Top of DATA IN THIS EXERCISE
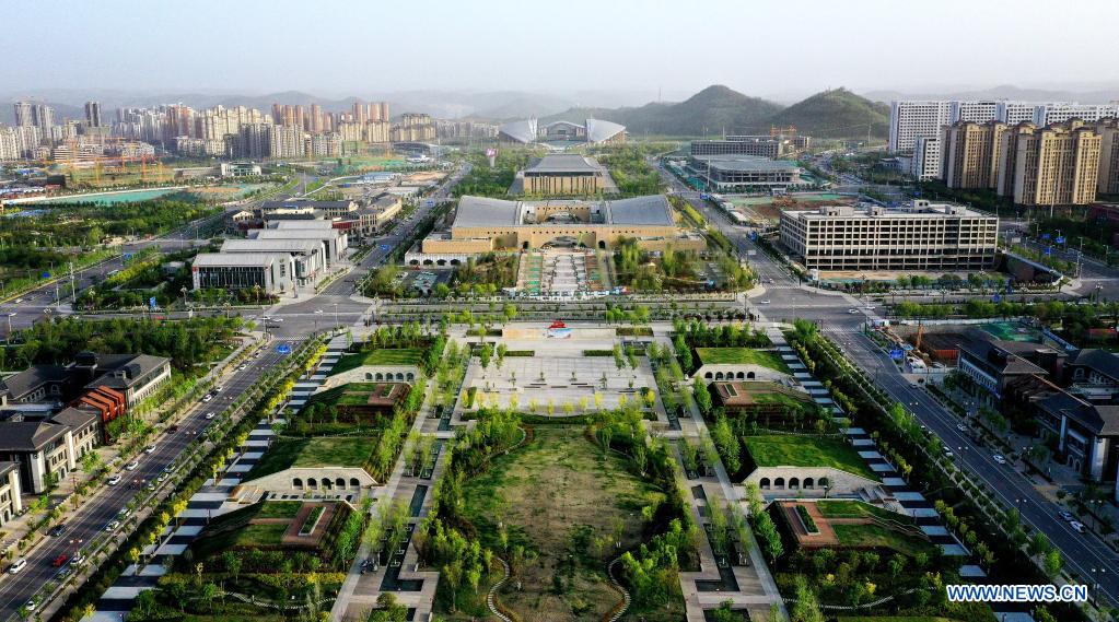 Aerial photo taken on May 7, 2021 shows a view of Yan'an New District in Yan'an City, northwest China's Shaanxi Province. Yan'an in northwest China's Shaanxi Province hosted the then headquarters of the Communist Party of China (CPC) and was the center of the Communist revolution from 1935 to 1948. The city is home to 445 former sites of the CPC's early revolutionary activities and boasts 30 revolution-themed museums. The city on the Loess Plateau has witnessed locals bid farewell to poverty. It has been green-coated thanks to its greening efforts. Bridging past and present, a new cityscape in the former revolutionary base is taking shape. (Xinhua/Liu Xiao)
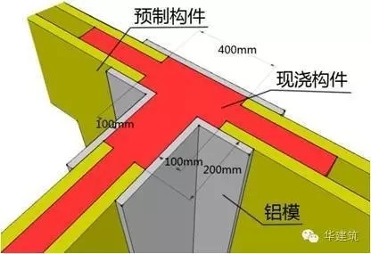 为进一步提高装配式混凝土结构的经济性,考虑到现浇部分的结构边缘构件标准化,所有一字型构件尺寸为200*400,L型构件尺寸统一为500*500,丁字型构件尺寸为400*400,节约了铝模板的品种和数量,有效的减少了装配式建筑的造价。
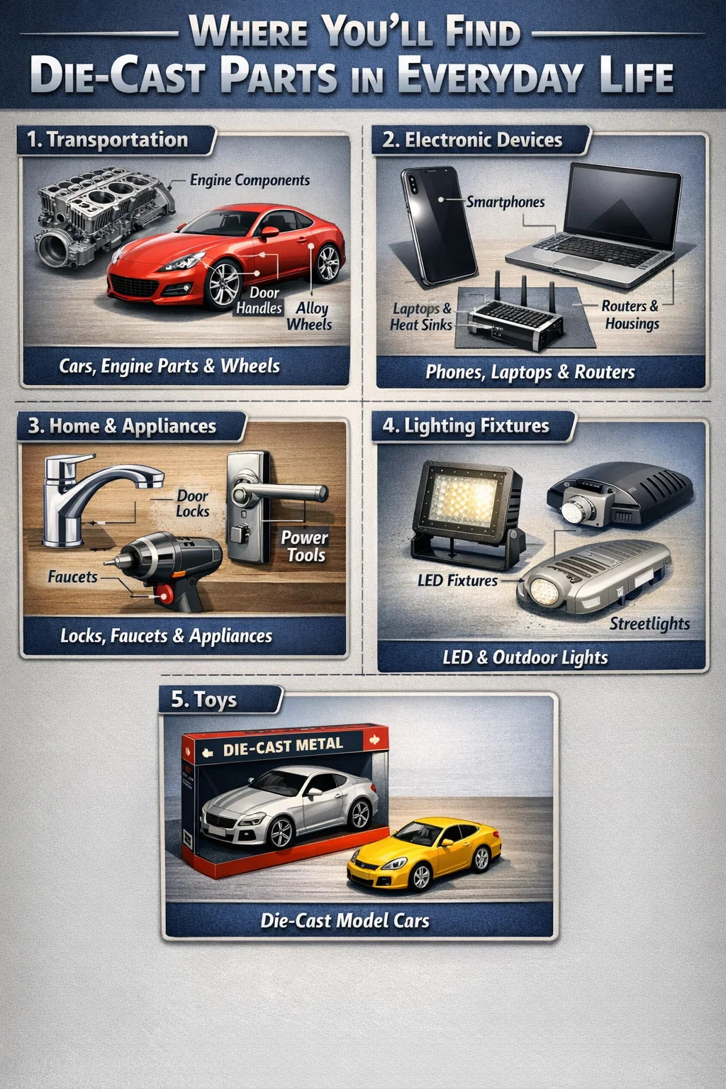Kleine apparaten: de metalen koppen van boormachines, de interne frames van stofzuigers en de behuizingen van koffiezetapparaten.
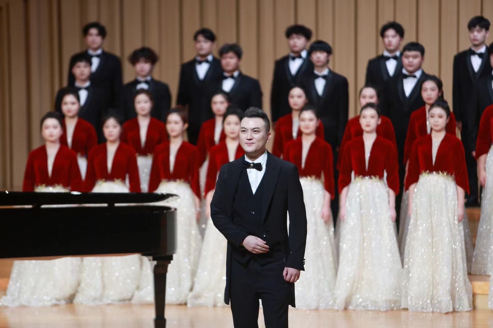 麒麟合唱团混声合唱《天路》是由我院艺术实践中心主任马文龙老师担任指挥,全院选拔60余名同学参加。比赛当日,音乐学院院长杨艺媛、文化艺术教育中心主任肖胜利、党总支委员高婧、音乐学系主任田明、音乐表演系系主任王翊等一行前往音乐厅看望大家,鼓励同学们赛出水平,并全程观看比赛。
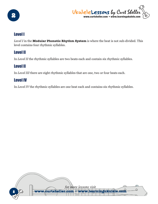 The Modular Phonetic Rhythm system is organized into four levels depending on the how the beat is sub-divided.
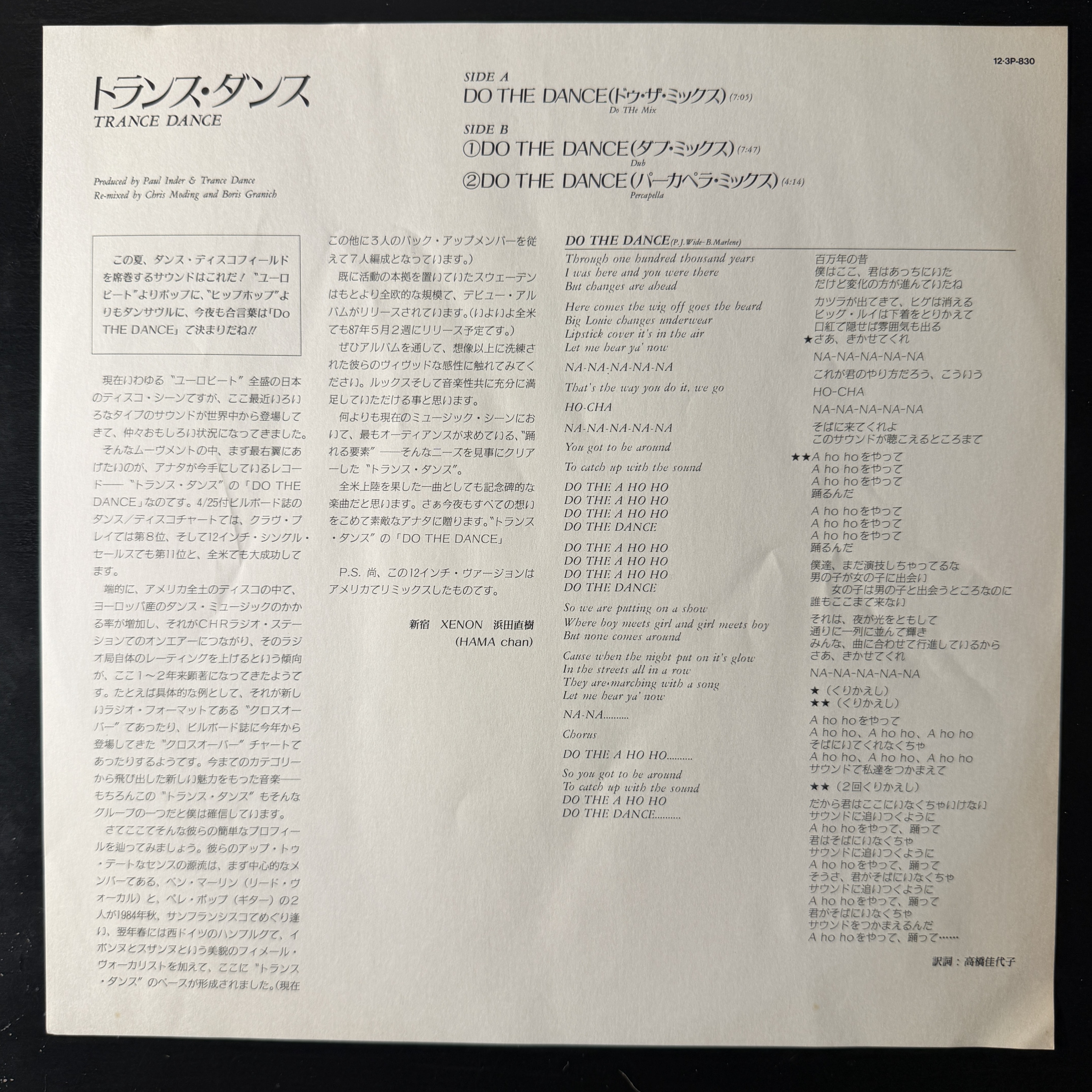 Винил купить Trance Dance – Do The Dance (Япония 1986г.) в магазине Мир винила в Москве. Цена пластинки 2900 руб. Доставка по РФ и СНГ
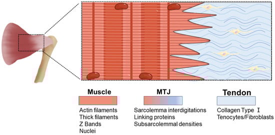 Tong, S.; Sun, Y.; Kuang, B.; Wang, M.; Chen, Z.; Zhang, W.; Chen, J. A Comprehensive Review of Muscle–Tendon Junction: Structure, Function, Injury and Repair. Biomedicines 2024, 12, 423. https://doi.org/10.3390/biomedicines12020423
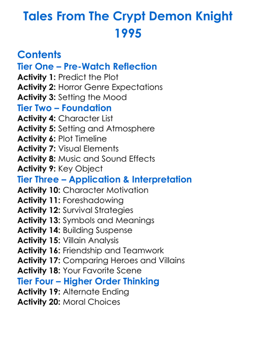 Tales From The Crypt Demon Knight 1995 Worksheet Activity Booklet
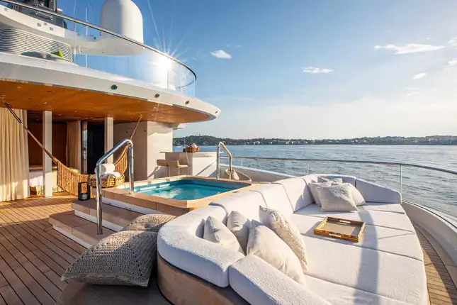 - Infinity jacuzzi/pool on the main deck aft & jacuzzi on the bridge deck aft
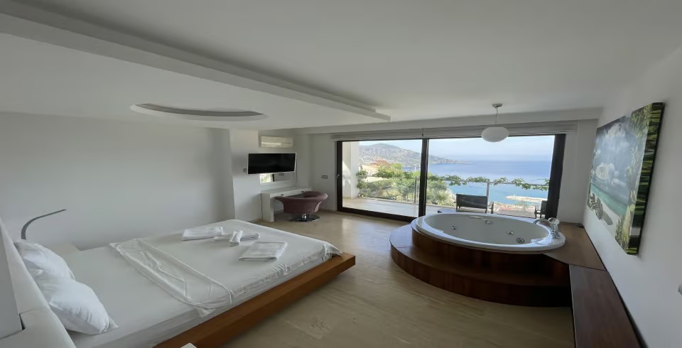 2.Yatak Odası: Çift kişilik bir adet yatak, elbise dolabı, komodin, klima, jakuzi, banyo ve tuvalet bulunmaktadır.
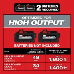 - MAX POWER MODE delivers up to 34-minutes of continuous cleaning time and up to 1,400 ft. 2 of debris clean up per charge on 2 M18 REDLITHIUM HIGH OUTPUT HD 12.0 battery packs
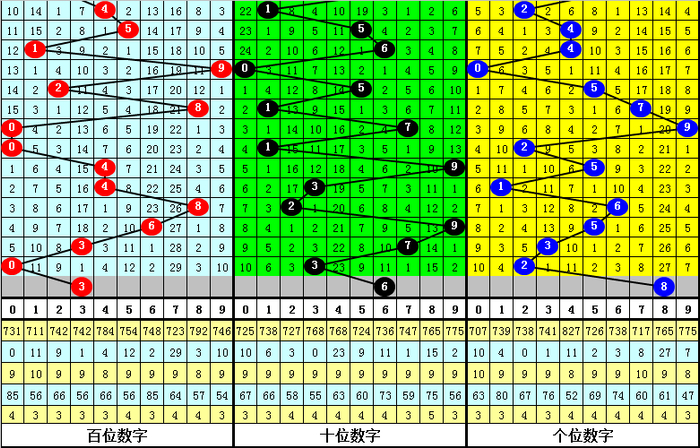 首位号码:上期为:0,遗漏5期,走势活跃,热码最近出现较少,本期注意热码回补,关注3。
Bottom of DATA IN THIS EXERCISE
### WORK REQUIRED
Could you write out again, exactly, the lines from the line containing "- MAX POWER" through the last line of the records above? Leave out the pictures.

### COMPLETED TASK
 - MAX POWER MODE delivers up to 34-minutes of continuous cleaning time and up to 1,400 ft. 2 of debris clean up per charge on 2 M18 REDLITHIUM HIGH OUTPUT HD 12.0 battery packs
 首位号码:上期为:0,遗漏5期,走势活跃,热码最近出现较少,本期注意热码回补,关注3。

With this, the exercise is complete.